When I see my Saviour on the Mount of Olives with his soul sorrowful even
unto death:—Ah! Lord Jesus, say I, what can have brought the sorrows of
death into the soul of life except love, which, exciting commiseration, drew
thereby our miseries into thy sovereign heart? Now a devout soul, seeing
this abyss of heaviness and distress in this divine lover, how can she be
without a holily loving sorrow? But considering, on the other hand, that all
the afflictions of her well-beloved proceed from no imperfection or want of
strength, but from the greatness of his dearest love, she cannot but melt
away with a holy sorrowful love. So that she cries: I am black with sorrow
by compassion, but beautiful with love by complacency; the anguish of my
well-beloved has changed my colour: for how could a faithful lover behold
such torments in him whom she loves more than her life, without swooning
away and becoming all wan and wasted with grief. The tents of nomads,
perpetually exposed to the injuries of weather and war, are almost always
ragged and covered with dust; and I, ever exposed to the griefs which by
condolence I receive from the immeasurable travails of my divine Saviour, I
am all covered with distress, and rent with sorrow. But because the pains of
him I love come from his love, in what measure they afflict me by
compassion, they delight me by complacency; for how could a faithful lover
not take an extreme content to see herself so loved by her heavenly spouse?
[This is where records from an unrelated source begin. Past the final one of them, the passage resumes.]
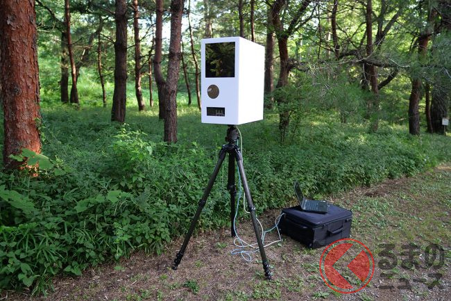 設置してある森のなかは、とてもクルマが通れる道幅は存在しません。この白い箱のなかには、確かにカメラが入っています。写真を見るとパソコンにもつながっています。
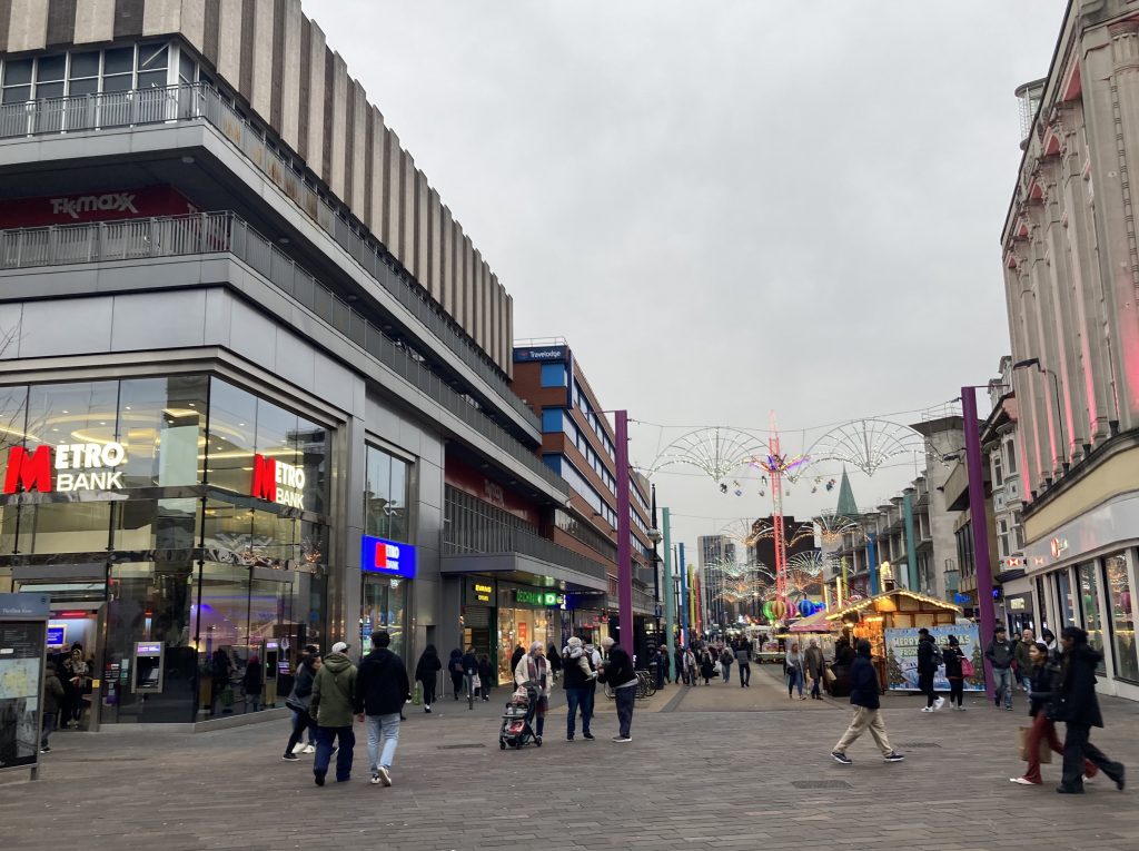ダービーの中心街もモールになっていてなかなかにぎやかで華やかです。こうしたカーフリーの街の中心地があることがヨーロッパの各都市の魅力ですね。
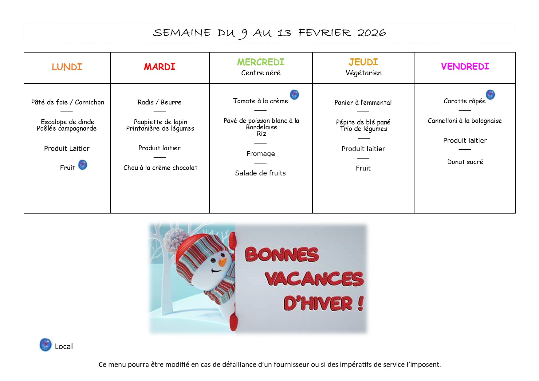 MENU CANTINE 2026 – SEMAINE 7
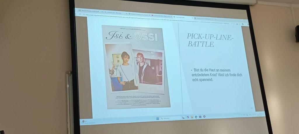 Grupa uczniów uczestniczyła tym razem w warsztatach pod tytułem „Tłumacz w kadrze” i mierzyła się z tłumaczeniem fragmentów rozmów bohaterów niemieckiego filmu Isi&Ossi. Zadanie było nie łatwe, gdyż teksty dotyczyły podrywu młodych zakochanych, jednak wszyscy dobrze się bawili.

Wherefore the beauty of love is in the ill-favour of sorrow. And if I wear
mourning for the passion and death of my King, all swarthy and black with
grief, I cease not to have an incomparable sweetness in seeing the excess of
his love amid his travails and his sorrows; and the tents of Solomon, all
embroidered and worked in an admirable variety of decorations, were never so
lovely as I am content, and, consequently, sweet, amiable and agreeable, in
the variety of the sentiments of love which I have amid those griefs. Love
equalizes lovers; Ah! I see him, this dear lover—he is a fire of love
burning in a thorny bush of sorrow, and I am the same: I am all inflamed
with love amid the thorny bushes of my griefs, I am a lily among thorns. Ah!
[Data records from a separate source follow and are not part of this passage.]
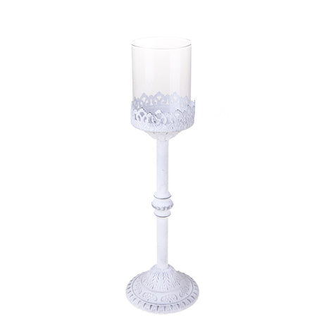 BIANCHI DINO Candlestick Single Metal Candelabra 42cm Antique White
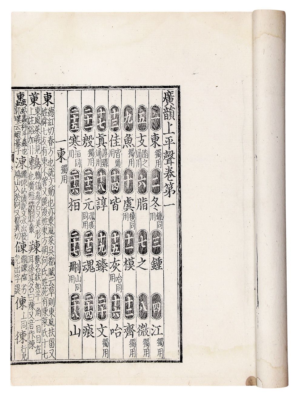此书为光绪时著名外交家黎庶昌所刻《古逸丛书》本之一,以元代泰定本《广韵》为底本,请日知名刻工木邨嘉平摹刻而成。开本阔大,字体俊秀,纸墨湛然。元代泰定本《广韵》今已极为难见,此本可传其风神。
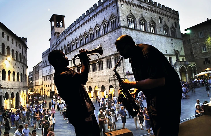 Боюсь, что народ,заглянувший к нам в бложек, успел заснуть от обилия архитектурно- исторических памятников, дат и всего остального. Если это так, то самое время просыпаться - в середине лета в Перудже собирается весь цвет мирового джаза. Как только лето, так они и собираются - порадовать себя и публику. Радуются целый месяц - на год хватает!
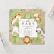 Adorable design featuring the sweetest giraffe, monkey, zebra, elephant & lion with a leafy jungle leaf frame set on a rustic tan burlap background. Visit our shop to view our entire Oh Baby Safari collection
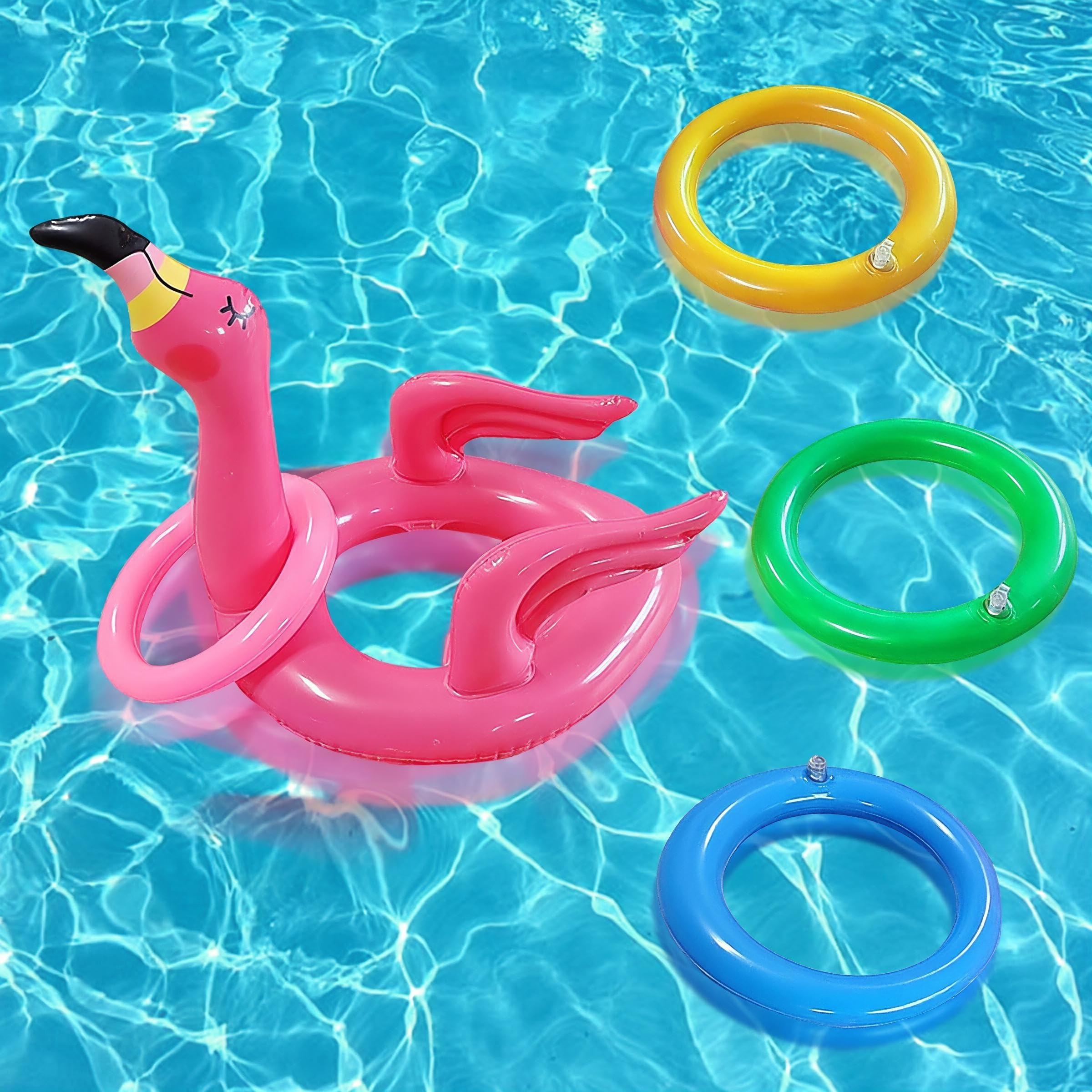 Riesenspaß für den nächsten Pool-Tag! Dieses süße Flamingo-Ringwurfspiel bringt Action ins kühle Nass. Im Set enthalten: 1 aufblasbarer Flamingo-Ständer und 4 bunte Ringe zum Werfen. Super einfach aufzublasen - mit der beiliegenden Handpumpe geht's ratzfatz. Perfekt für Kindergeburtstage, Familienfeiern oder einfach so zum Spielen im Garten. Macht nicht nur Spaß, sondern fördert auch die Motorik der Kleinen. Nach dem Spielen einfach Luft rauslassen und platzsparend verstauen. Ideal für drinnen und draußen, ob im Pool, am Strand oder im Garten. Die bunten Farben sehen total fröhlich aus und laden sofort zum Spielen ein. Einfach bestellen und den Sommer noch spaßiger machen! Perfekt für alle die Abwechslung im Wasser suchen. Hol dir dieses coole Spiel und werde zum Pool-Party-König!

do not even look at the horrors of my poignant sorrows, but see the beauty
of my agreeable love. Alas! he suffers insupportable pains, this
well-beloved divine lover: it is this which grieves me and makes me faint
with anguish; but he takes pleasure in suffering, he loves his torments, and
dies with joy at dying with pain for me: wherefore as I am sorrowing over
his pains, so I am all ravished with joy at his love; not only do I grieve
with him, but I glorify myself in him.